- Problem
Please reproduce, exactly as given, the lines running from the start of the data to the line containing "Descriere: Max si", inclusive, and omit the pictures.

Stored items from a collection
———

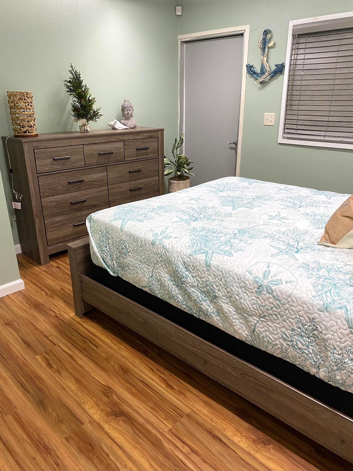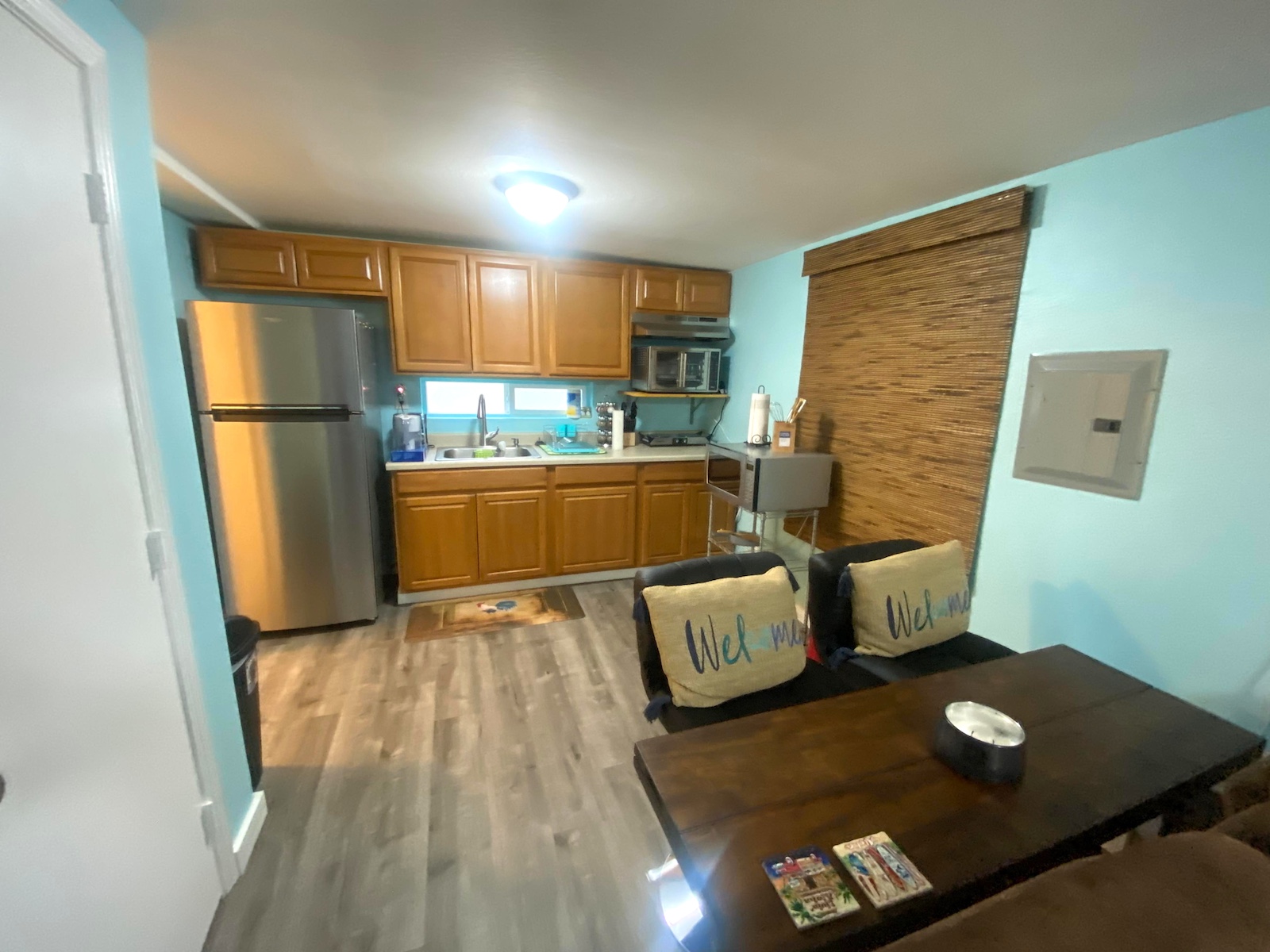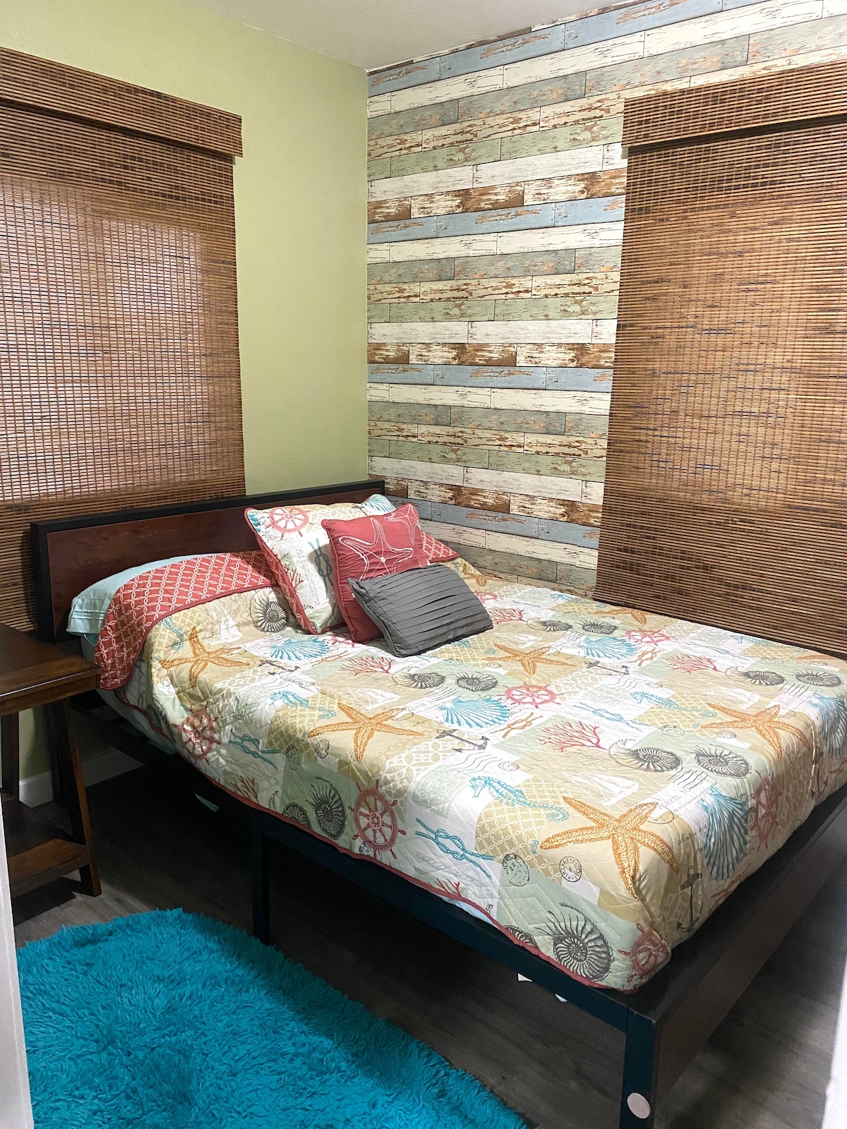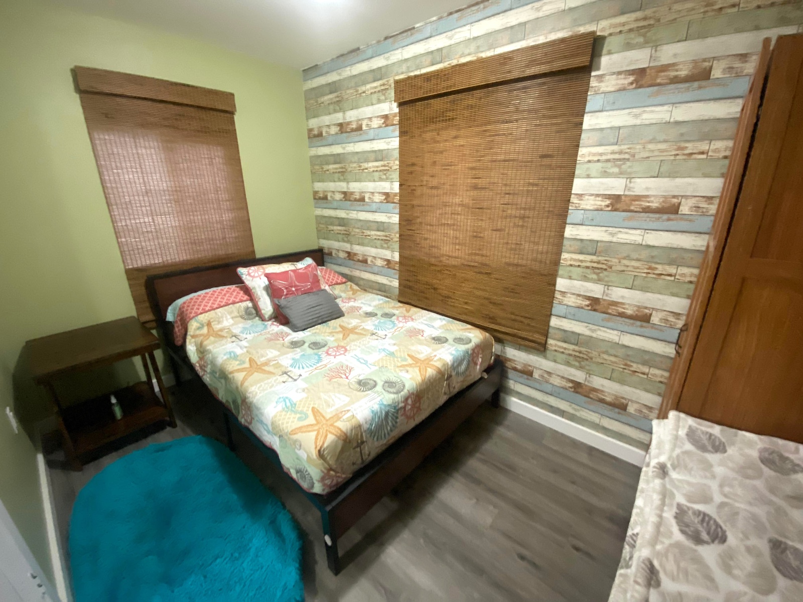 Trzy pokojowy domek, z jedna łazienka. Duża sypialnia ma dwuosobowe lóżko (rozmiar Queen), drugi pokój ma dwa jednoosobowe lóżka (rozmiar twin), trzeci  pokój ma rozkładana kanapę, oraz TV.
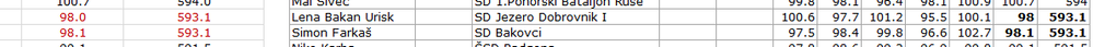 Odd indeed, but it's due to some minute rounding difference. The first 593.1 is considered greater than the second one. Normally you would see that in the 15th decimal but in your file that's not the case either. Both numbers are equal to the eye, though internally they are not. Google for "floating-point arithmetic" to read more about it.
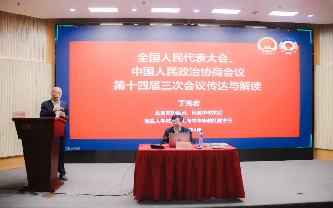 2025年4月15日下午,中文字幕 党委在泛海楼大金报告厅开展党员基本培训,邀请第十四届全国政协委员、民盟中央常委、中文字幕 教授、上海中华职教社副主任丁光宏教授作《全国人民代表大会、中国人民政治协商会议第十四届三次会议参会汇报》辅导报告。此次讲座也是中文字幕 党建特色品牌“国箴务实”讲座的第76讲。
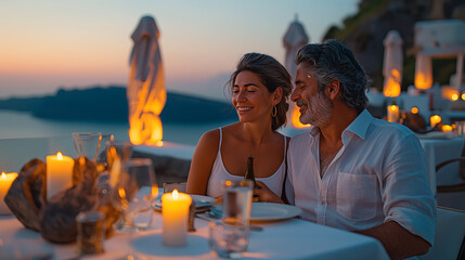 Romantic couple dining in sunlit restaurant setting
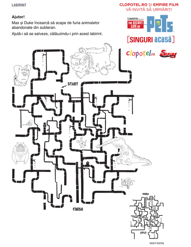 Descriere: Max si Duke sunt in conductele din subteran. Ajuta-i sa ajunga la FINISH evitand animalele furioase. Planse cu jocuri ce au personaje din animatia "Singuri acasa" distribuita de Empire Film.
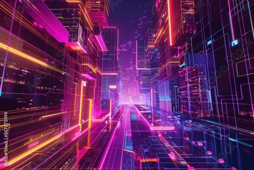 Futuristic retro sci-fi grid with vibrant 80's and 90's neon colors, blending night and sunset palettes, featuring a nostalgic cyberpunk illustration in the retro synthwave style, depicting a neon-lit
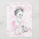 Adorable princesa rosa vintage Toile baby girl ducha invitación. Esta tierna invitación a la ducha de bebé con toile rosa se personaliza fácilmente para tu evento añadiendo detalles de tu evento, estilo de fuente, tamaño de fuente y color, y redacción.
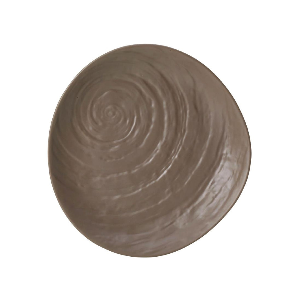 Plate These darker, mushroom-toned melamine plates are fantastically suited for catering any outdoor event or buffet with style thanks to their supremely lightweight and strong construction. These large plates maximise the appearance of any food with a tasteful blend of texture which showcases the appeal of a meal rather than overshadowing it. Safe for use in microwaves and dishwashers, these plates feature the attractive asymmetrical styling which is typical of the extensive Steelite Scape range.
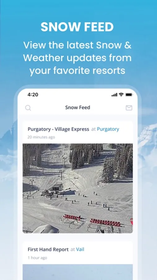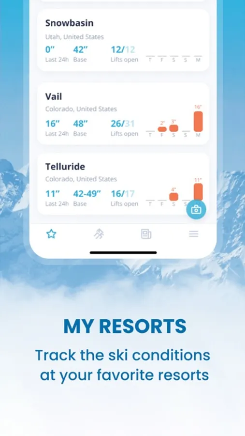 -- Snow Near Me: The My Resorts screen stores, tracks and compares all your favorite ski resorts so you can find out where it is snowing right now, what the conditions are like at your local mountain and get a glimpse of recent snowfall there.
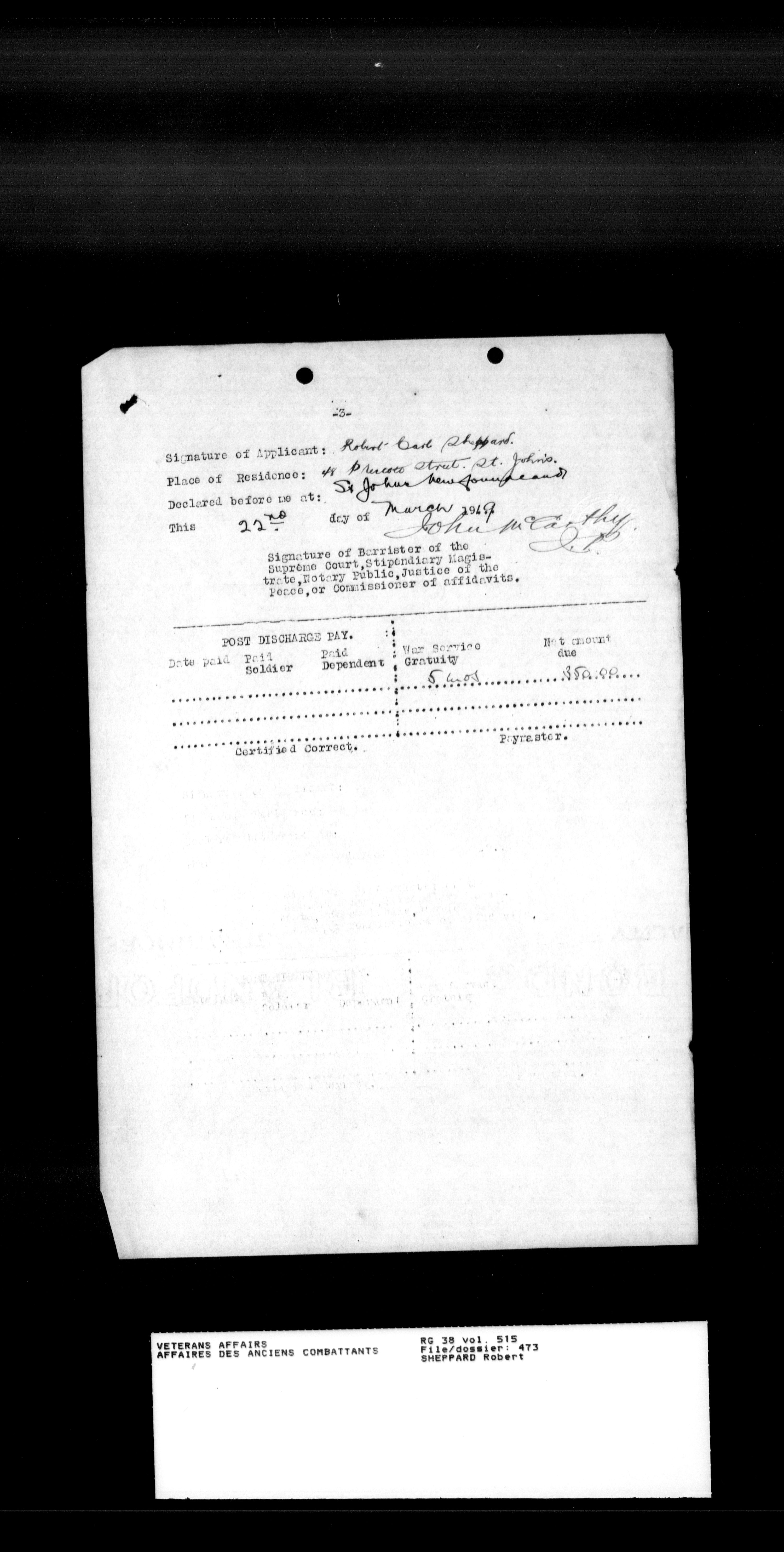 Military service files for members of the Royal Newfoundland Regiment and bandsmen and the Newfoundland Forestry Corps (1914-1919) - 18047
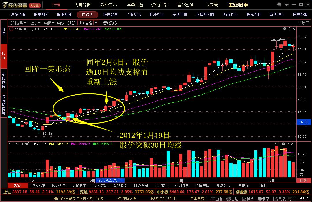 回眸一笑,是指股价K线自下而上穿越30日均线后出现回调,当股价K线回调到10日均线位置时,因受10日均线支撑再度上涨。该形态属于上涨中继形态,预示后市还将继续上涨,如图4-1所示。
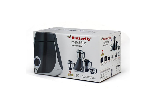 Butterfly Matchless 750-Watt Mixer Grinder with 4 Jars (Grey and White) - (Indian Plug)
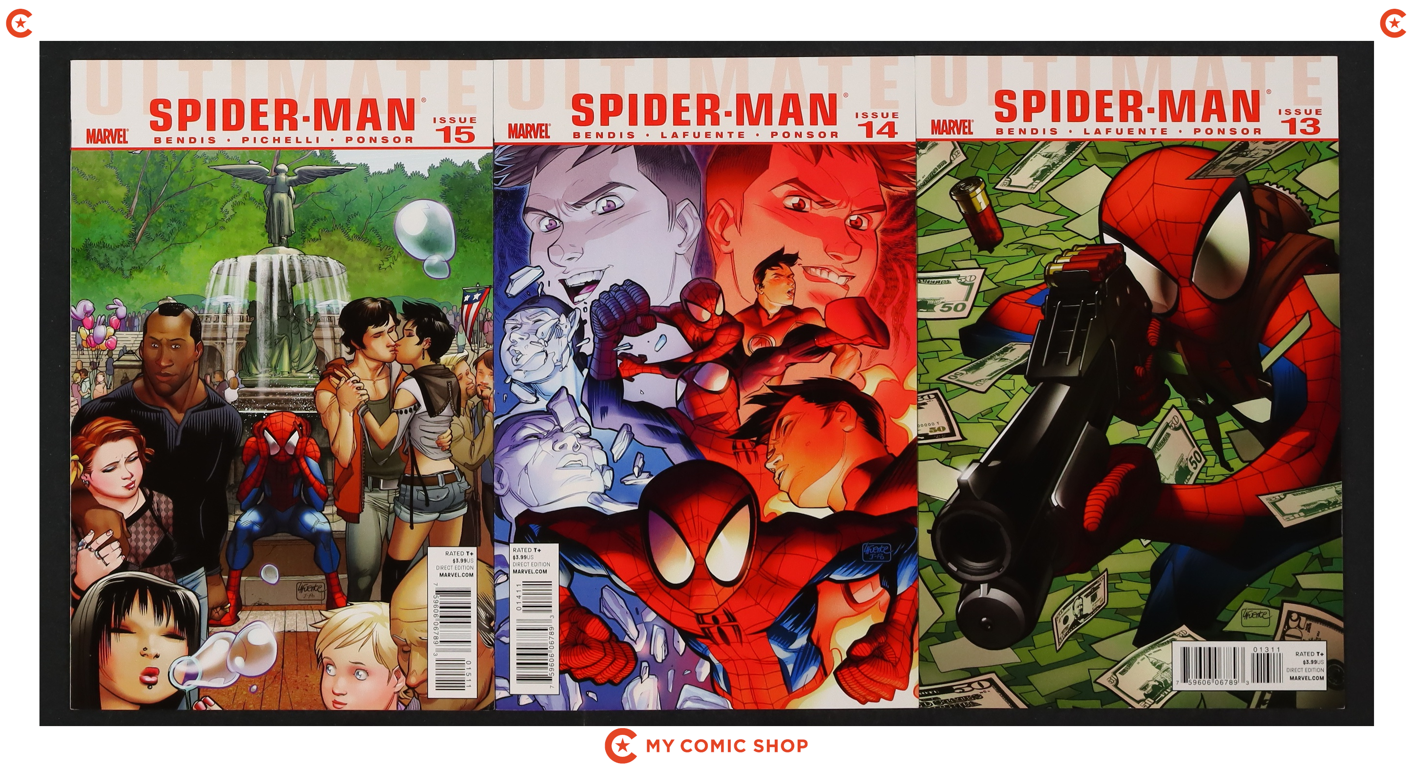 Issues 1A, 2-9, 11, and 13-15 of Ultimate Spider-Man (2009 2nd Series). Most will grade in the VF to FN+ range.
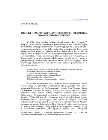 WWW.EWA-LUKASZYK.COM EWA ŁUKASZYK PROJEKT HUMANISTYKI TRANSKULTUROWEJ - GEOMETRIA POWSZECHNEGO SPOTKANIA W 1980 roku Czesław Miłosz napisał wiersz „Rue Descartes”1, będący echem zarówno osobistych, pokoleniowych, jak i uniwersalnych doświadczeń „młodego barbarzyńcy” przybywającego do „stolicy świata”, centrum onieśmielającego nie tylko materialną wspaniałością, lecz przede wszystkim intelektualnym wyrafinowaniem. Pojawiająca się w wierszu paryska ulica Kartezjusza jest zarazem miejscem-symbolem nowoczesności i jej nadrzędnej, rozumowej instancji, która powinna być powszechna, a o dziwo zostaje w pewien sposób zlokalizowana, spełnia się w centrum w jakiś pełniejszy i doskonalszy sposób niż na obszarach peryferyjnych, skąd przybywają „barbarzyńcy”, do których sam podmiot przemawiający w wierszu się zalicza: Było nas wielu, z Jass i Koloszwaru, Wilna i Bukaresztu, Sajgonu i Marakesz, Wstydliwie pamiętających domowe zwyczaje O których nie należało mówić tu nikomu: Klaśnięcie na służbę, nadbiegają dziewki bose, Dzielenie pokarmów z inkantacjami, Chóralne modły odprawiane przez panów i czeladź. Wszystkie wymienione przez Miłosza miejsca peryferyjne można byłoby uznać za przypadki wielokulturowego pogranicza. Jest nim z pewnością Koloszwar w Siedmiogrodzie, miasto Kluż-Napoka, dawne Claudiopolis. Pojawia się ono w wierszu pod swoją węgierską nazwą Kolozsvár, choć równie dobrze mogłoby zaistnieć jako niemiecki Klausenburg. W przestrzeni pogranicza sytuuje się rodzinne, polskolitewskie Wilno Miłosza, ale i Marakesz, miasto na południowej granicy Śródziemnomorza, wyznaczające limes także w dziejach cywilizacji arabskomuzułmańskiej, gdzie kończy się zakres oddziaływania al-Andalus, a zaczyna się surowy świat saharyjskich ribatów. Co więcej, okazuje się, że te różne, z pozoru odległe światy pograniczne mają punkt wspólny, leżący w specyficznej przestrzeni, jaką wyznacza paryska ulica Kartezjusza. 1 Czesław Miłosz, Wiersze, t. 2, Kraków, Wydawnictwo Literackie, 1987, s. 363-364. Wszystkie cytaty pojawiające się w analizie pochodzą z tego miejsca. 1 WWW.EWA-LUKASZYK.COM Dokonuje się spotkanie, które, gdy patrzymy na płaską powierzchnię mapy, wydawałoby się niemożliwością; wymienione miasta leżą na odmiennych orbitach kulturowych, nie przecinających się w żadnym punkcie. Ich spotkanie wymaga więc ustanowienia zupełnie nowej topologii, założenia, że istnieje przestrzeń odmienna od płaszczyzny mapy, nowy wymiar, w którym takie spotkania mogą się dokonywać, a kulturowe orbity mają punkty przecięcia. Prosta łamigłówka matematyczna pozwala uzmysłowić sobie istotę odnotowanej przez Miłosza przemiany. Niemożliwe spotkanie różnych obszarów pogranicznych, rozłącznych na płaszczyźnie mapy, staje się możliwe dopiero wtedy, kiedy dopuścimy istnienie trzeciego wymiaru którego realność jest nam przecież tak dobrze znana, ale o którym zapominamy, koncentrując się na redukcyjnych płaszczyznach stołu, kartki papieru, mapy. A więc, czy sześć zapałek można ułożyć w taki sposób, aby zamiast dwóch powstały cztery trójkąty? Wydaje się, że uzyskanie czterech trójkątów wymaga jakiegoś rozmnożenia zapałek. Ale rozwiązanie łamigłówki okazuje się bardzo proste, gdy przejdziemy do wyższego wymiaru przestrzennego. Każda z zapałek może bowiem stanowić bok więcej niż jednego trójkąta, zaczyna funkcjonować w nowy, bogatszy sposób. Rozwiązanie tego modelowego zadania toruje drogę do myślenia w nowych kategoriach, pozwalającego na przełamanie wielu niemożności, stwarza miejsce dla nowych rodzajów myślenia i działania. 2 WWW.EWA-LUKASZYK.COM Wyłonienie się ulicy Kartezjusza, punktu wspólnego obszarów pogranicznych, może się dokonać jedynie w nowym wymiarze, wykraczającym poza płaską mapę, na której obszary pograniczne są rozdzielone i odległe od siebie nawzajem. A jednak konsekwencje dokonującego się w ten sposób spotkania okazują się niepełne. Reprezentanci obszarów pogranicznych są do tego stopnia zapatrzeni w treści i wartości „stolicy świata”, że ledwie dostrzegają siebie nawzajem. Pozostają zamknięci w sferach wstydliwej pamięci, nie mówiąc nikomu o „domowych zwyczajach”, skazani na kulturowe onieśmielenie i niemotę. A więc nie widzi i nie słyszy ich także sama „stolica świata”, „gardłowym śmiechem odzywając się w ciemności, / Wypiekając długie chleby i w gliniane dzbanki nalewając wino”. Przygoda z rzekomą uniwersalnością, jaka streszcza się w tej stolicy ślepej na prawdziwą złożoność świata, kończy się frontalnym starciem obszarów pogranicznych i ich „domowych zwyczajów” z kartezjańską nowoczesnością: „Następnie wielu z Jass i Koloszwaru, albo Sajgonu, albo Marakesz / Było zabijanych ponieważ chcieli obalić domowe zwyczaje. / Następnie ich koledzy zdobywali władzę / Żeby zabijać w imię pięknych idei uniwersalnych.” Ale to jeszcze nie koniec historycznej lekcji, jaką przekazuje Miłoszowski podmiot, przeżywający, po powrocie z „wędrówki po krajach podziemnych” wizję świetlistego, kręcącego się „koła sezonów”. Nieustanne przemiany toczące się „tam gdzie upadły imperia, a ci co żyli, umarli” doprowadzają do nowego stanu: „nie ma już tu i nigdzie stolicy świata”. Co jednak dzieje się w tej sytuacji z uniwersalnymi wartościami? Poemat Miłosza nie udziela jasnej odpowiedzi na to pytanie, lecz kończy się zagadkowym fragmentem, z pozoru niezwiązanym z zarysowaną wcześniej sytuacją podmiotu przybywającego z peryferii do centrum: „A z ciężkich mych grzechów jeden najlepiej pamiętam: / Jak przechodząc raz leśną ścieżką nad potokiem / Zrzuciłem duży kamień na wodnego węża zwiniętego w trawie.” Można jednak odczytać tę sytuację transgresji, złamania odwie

———

- Answer to the problem
 Trzy pokojowy domek, z jedna łazienka. Duża sypialnia ma dwuosobowe lóżko (rozmiar Queen), drugi pokój ma dwa jednoosobowe lóżka (rozmiar twin), trzeci  pokój ma rozkładana kanapę, oraz TV.
 Odd indeed, but it's due to some minute rounding difference. The first 593.1 is considered greater than the second one. Normally you would see that in the 15th decimal but in your file that's not the case either. Both numbers are equal to the eye, though internally they are not. Google for "floating-point arithmetic" to read more about it.
 2025年4月15日下午,中文字幕 党委在泛海楼大金报告厅开展党员基本培训,邀请第十四届全国政协委员、民盟中央常委、中文字幕 教授、上海中华职教社副主任丁光宏教授作《全国人民代表大会、中国人民政治协商会议第十四届三次会议参会汇报》辅导报告。此次讲座也是中文字幕 党建特色品牌“国箴务实”讲座的第76讲。
 Romantic couple dining in sunlit restaurant setting
 Descriere: Max si Duke sunt in conductele din subteran. Ajuta-i sa ajunga la FINISH evitand animalele furioase. Planse cu jocuri ce au personaje din animatia "Singuri acasa" distribuita de Empire Film.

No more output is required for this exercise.